I have read Ezekiel many times.

It would be easy to read it and get from it that God is saying, ‘Don’t worry about what those people did to you Jerusalem, I will sort them out. What happened to you will be nothing to what will happen to them.’

But I don't’ think that is what is happening here.

I think what is happening here is God is saying, ‘Just as you caused your own downfall by not following my ways, so they too will fall by not following my path for them. So don't worry about them, don't get het up about wanting revenge, just seek my ways and find the path again.’

I think that is God’s message for us today.

Don’t worry about the past, seek God’s path today.

I especially think that is the message for the church.

We are in a bad place just now.

Lack of ministers, everyone wondering what happened to us.

In the time I have been a minister, which is only 28 years, in history that is but a speck in history, the Church of Scotland has gone from having a surplus of ministers to having about half the ministers it needs.

Society has gone from being a predominantly Christian society to having the majority of people having no faith at all.

Now that isn't all my fault.

But it is easy to look at the past as the good old days and wonder how we get back to it.

But I don't think that is what God is asking us to do.

I think God is asking us to go forward in faith and seek something different.

When the people were in exile they developed the synagogue system and through that the faith grew.

It would never have existed if the temple was still there, but new circumstances needed new solutions.

Who knows what the future of the Church of Scotland will be, but it will be different.

But if that is the case for the church, maybe it is also the case for us as individuals as well.

Because I think often in life we are hit with things that radically change our life.

One of my squash partners was diagnosed with cancer.

For a while all he did was look back.

How could this happen to him?

How could he get his life back?

And the weird thing was that as long as he did that he was grieving and falling backwards.

The more he tried to hold onto what was being lost, the more he was falling.

Then he stopped trying to hold on to the past, instead looked at what was possible in the future.

Other opportunities opened to him that he never expected and would never have looked for.

Things that were priorities stopped and he was forced to decide what was really important in his life, who were really important in his life.

Instead of his career and planning pensions, his family became more important and friendships.

The weird thing is, cancer might have been the best thing that happened to him.

Again, just like communion.

To the disciples the last supper was a disaster.

Jesus was telling them that one of them was going to betray him, that they were all going to desert him.

Jesus was going on about his death again.

To them all their plans were going to be destroyed.

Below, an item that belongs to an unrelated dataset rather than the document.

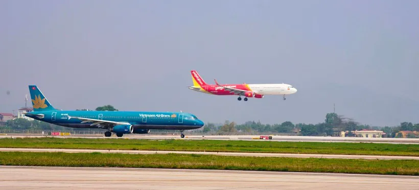 Aircraft from various airlines take off and land at an airport. Photo: VNA

This was the worst thing that could happen to them.

And yet Jesus was there explaining all of this disaster and telling them that this would end up being the best thing that happened to them.

Maybe the truth is that life is not about what happens to us, it is about whether we are open to God’s plan for us though what happens to us.

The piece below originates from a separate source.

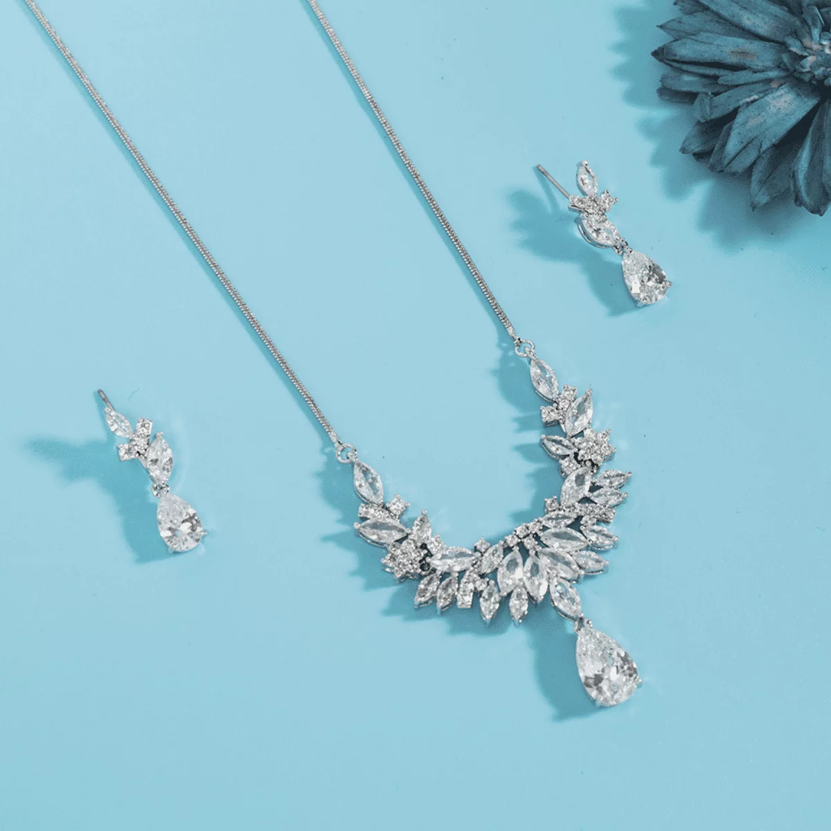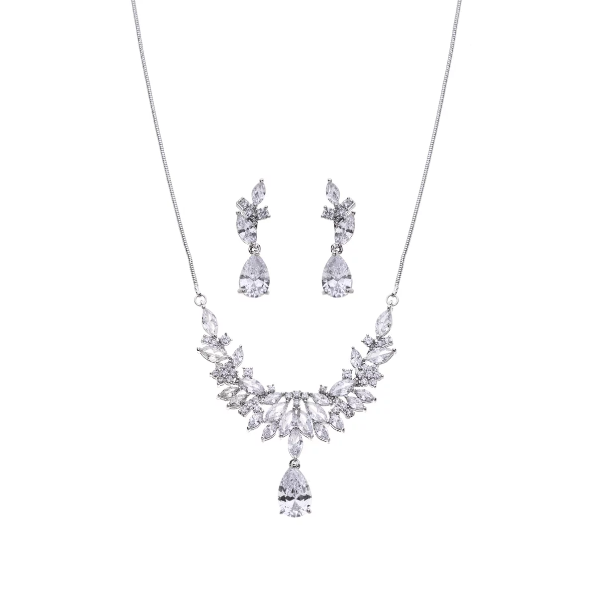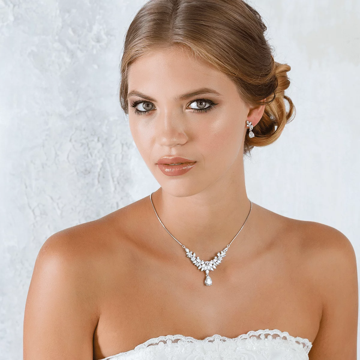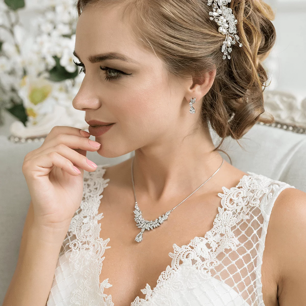 Das wunderschöne Schmuckset JN080 von G. Westerleigh ist mit Cubic Zirconia Kristallen verziert, welche in aufwändiger Handarbeit eingearbeitet wurden. Außerdem ist das Brautschmuck-Set mit Rhodium bedeckt und antiallergen (nickel- und bleifrei). Es passt daher auch zur empfindlichen Haut. Das Brautschmuck-Set JN080 besteht aus Ohrringen und Halskette und wird im eleganten Schmucketui geliefert. Die Länge der Halskette kann individuell verändert werden. Eine ideale Wahl für Hochzeiten und besondere Anlässe.

Clackmannan Parish Church. Haven’t had a full time minister in nearly 18 months. Probably won’t get another full time minister for about a year. And yet through this, a worship team has been created that will be taking its first full service in about a months’ time.

Will it stretch them...yes.

Are they really nervous...really yes.

Will they grow in their faith through this...oh yes.

And it may never have happened if everything was going well.

All those gifts not allowed to flourish.

All those possibilities not sought.

I don't believe God causes disaster, but I do believe that even in disaster God can work for good.

That was Ezekiel’s message to the people that used to live in Jerusalem.

And I think that’s God message for us tonight.

God did not cause the pain you may be in, but he can work through it, can work in it, to do good...if we let him.